The thyroid gland is a small gland that sits in front of the windpipe and works with the pituitary gland to know how much hormone needs to be secreted to keep you healthy. The thyroid gland takes iodine, found in many foods and iodized salt, and converts it to thyroid hormones. There are two conditions that can affect the thyroid gland. One is hypothyroidism, which is when you have an underactive thyroid. The second condition is hyperthyroidism, which is when you have an overactive thyroid and produce too much thyroid hormone.

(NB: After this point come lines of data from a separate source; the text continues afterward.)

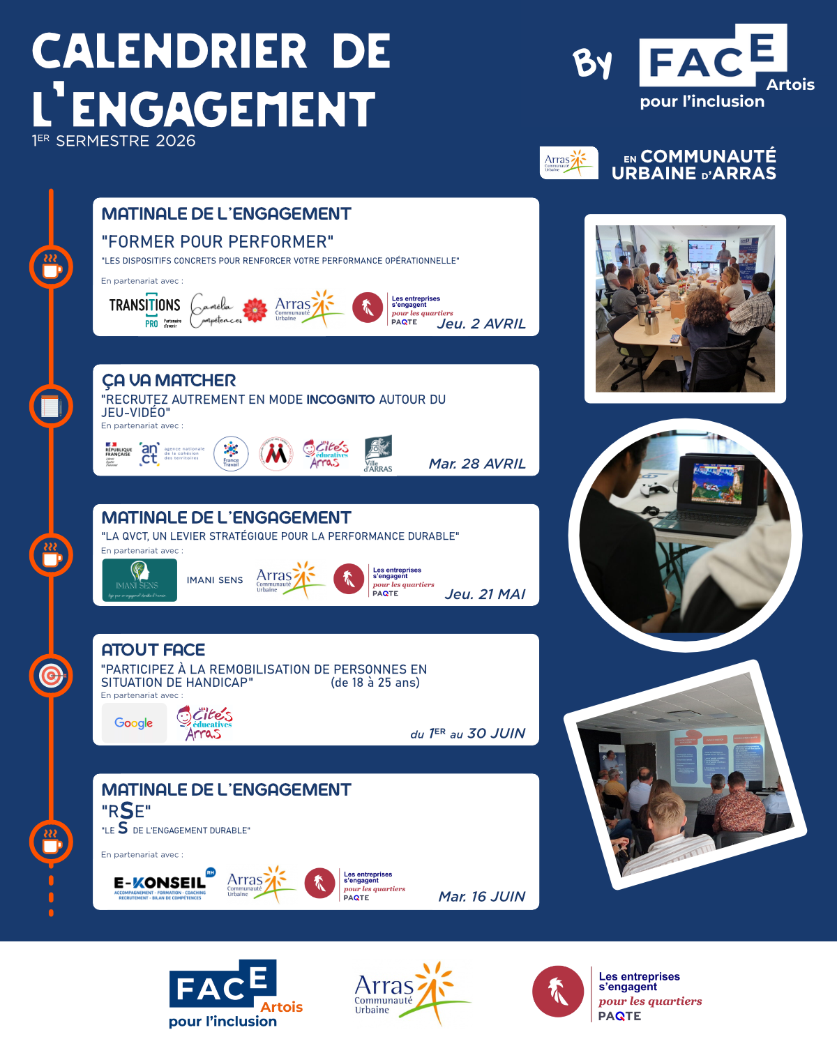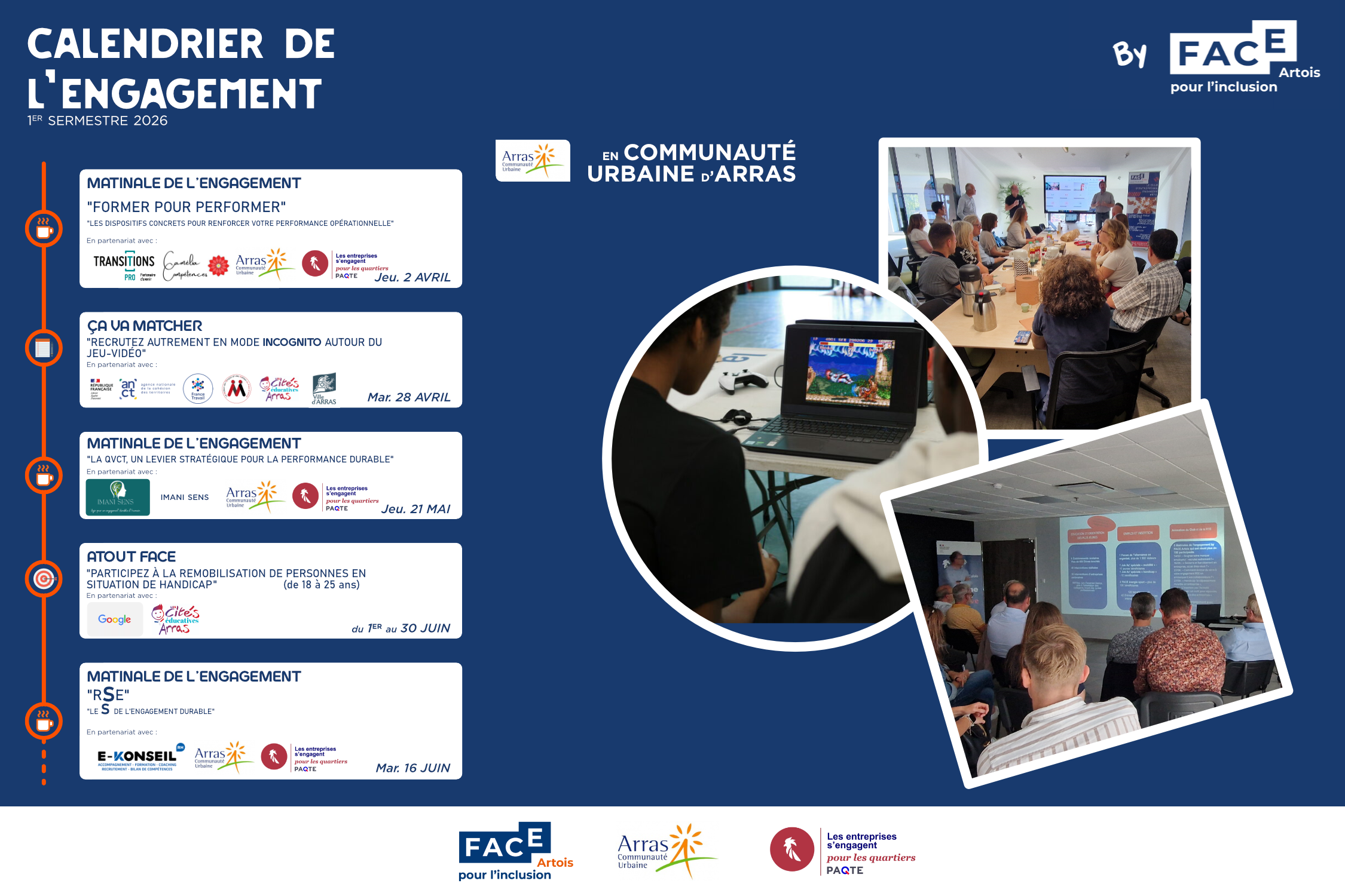 Ces rendez-vous sont organisés avec le soutien de nos partenaires institutionnels et économiques. Ils s’inscrivent pleinement dans la mission de FACE Artois : créer des passerelles entre entreprises et publics, favoriser l’inclusion et accompagner les organisations vers des pratiques plus responsables.
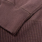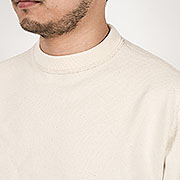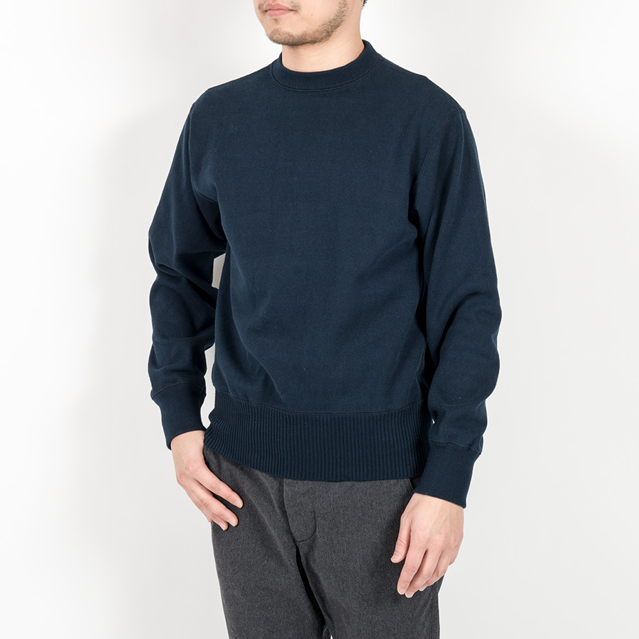 昨年来、好評の極厚「セーター風カットソー」のCrew Neckバージョン。モックネックは暖かい、でも首回りの締め付けを嫌う向きもあります。そこで、首回りを通常のクルーネックに。当初は、横編みの針抜きリブをつけてみたりもしたのですが、テンションが足らない。という事で、テンションが強いフライス(リブ)にして、さらに寸法調節。つまり過ぎない、でもゆるゆるで首が伸びてもしまわない。素材に合わせて、バランスの良い寸法を目指しています。
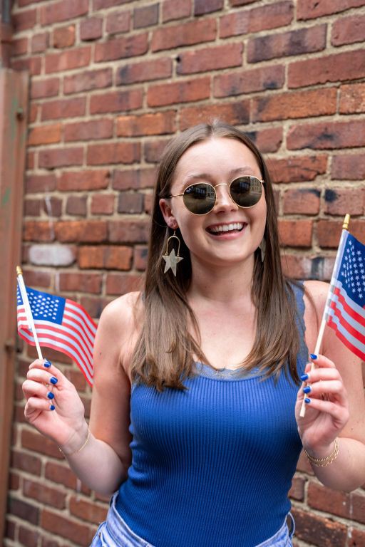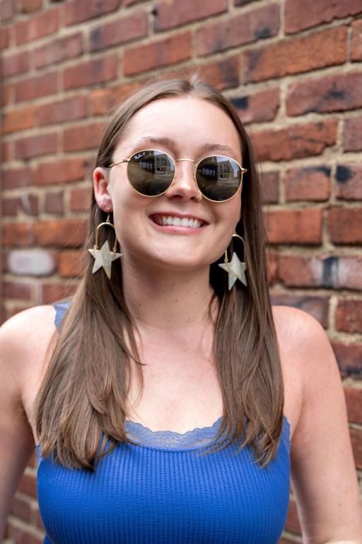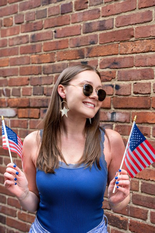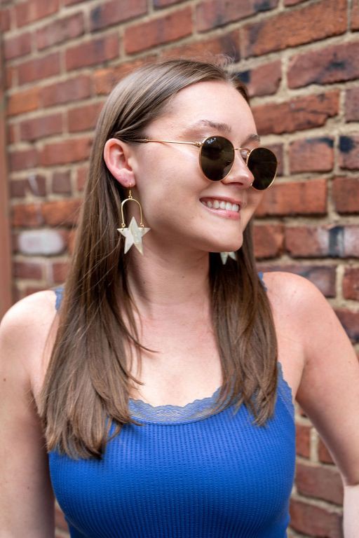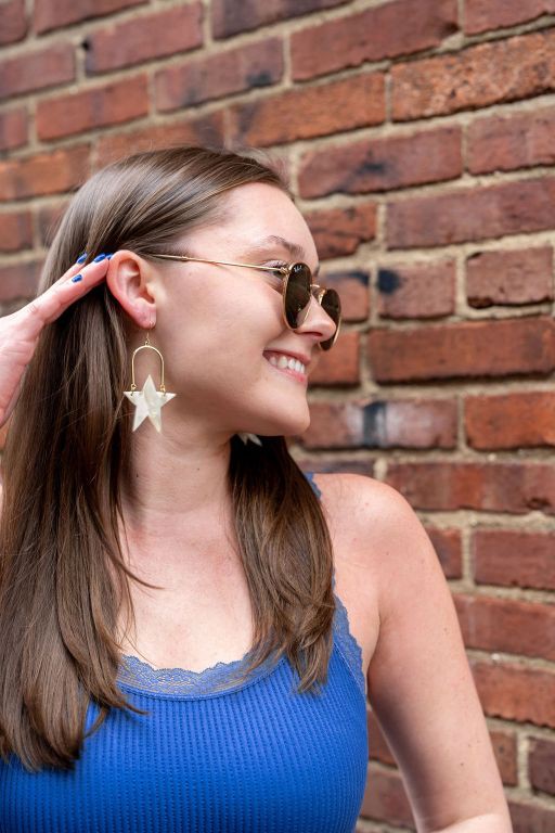 Rosie is our star statement earring. Lovingly paying homage to Rosie the Riveter. You can rock these at all your patriotic events, but the neutral color allows you to rock them all year long.
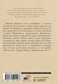ОписаниеНиколай Рубцов - выдающийся поэт второй половины ХХ века, провидец собственной судьбы, оставивший яркий след в русской поэзии. "Стихи сильны и долговечны тогда, когда они идут через личное, через частное, но при этом нужна масштабность и жизненная характерность настроений, переживаний, размышлений…" (Н. Рубцов) Николая Рубцова часто сравнивают с Сергеем Есениным. В их поэзии и жизни можно найти много общего. Но Рубцов не подражал любимому поэту, он шел своим путем, не менее ярким, но более скромным и тихим. Искренность, задушевность, проникновение во все уголки человеческой души, сопереживание ближнему, умение любить, верить, быть счастливым и радоваться даже малому сделали лирику Н. Рубцова необычайно близкой людям. Недаром на его стихи написано так много песен - и бардовских, и эстрадных: "Я буду долго гнать велосипед…", "В горнице моей светло", "Звезда полей", "Деревенские ночи"… В настоящий сборник вошли самые знаменитые стихотворения Николая Рубцова.Николай Рубцов - выдающийся поэт второй половины ХХ века, провидец собственной судьбы, оставивший яркий след в русской поэзии. "Стихи сильны и долговечны тогда, когда они идут через личное, через частное, но при этом нужна масштабность и жизненная характерность настроений, переживаний, размышлений…" (Н. Рубцов) Николая Рубцова часто сравнивают с Сергеем Есениным. В их поэзии и жизни можно найти много общего. Но Рубцов не подражал любимому поэту, он шел своим путем, не менее ярким, но более скромным и тихим. Искренность, задушевность, проникновение во все уголки человеческой души, сопереживание ближнему, умение любить, верить, быть счастливым и радоваться даже малому сделали лирику Н. Рубцова необычайно близкой людям. Недаром на его стихи написано так много песен - и бардовских, и эстрадных: "Я буду долго гнать велосипед…", "В горнице моей светло", "Звезда полей", "Деревенские ночи"… В настоящий сборник вошли самые знаменитые стихотворения Николая Рубцова.
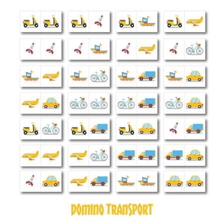 - Gra Domino XXL - Transport to zabawa, która pozwala ćwiczyć spostrzegawczość, refleks oraz umiejętność logicznego myślenia, rozwija koordynację wzrokowo- ruchową oraz umiejętność koncentracji. Zestaw zawiera 28 elementów o wymiarach 18 x 36 cm.
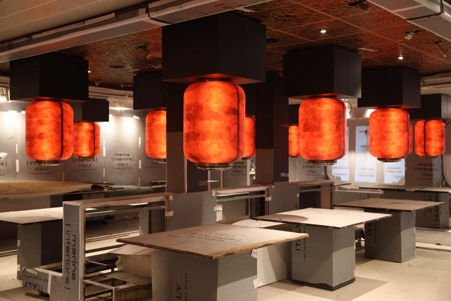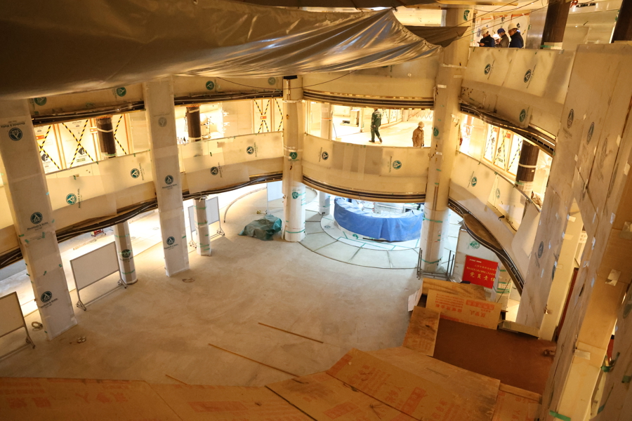 2月27日,记者进入“爱达·花城号”内部看到,其内装工程的完成度已经比较高,公共区域、客房等已初具雏形。
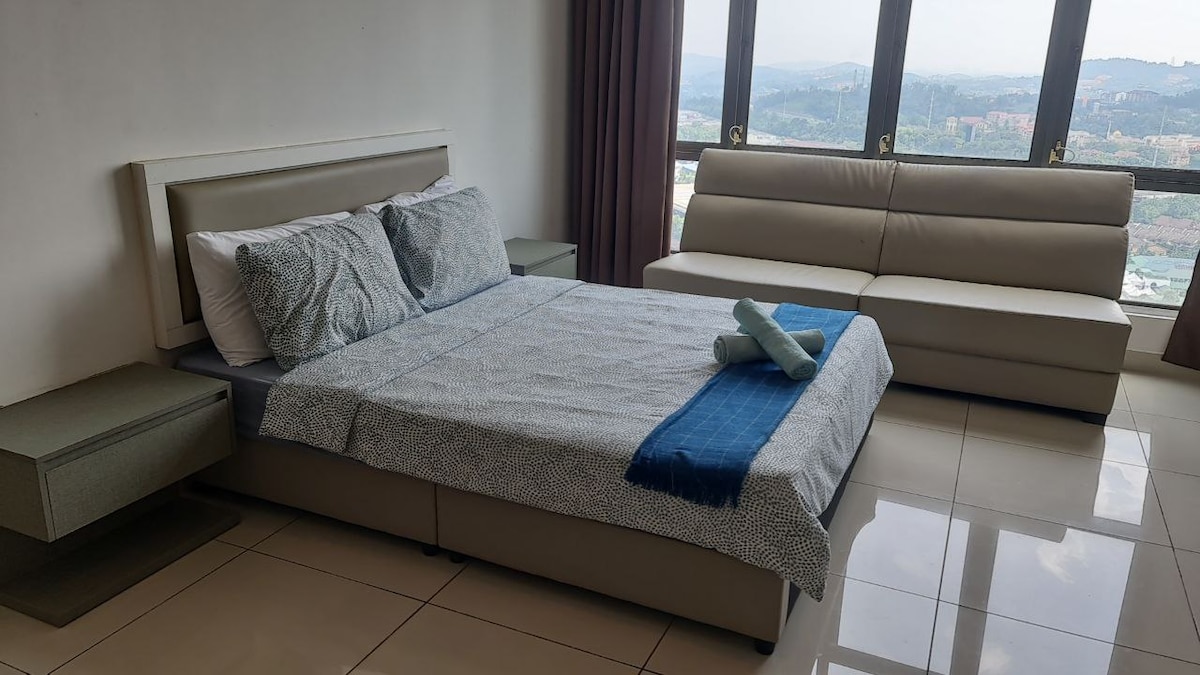 3 bedrooms. 3 Queen beds. 25min to Airport. 2 indoor parking. Netflix, Disney Hotstar, BBC Player, YouTube, unifiTV, 500mbps internet with Wifi & LAN. Gem-in Mall - Mamak & 7-Eleven. Cyberjaya Hospital & Tamarind Square (3 min walk) - Village Grocer, BookXcess, MrDIY, restaurants. UOC & MMU 1 km 3min, Limkokwing Uni 6km 8min Mall : DPulze 3km 5min, Shaftsbury 4km 5min, IOI City 16km 15min, Pavilion 34km 30min, MidValley Megamall 31km 25min

Thyroid disorders affect an estimated 200 million people worldwide, including an estimated 27 million Americans. In fact, thyroid disease is more common than diabetes or heart disease. Yet it is believed that more than half of all thyroid problems remain undiagnosed. Women are five to eight times more likely than men to have thyroid problems. One woman in eight will develop a thyroid disorder during her lifetime. Hypothyroidism, or low thyroid function, is a silent epidemic, according to many functional medicine doctors. People can suffer for years with symptoms that our conventional medical system frequently doesn’t know how to treat because complaints seem scattered or vague.
Lots of things can trigger thyroid problems, including genetics, an autoimmune attack, pregnancy, stress, nutritional deficiencies, or toxins in the environment. Untreated thyroid disease may lead to elevated cholesterol levels and subsequent heart disease, as well as infertility and osteoporosis. Research also indicates a strong genetic link between thyroid disease and other autoimmune diseases, including certain types of diabetes, arthritis and anemia. Having a healthy thyroid is important, and treating conditions of the thyroid is important for it to return to being healthy. There are lifestyle changes you can use to get and keep a healthy thyroid.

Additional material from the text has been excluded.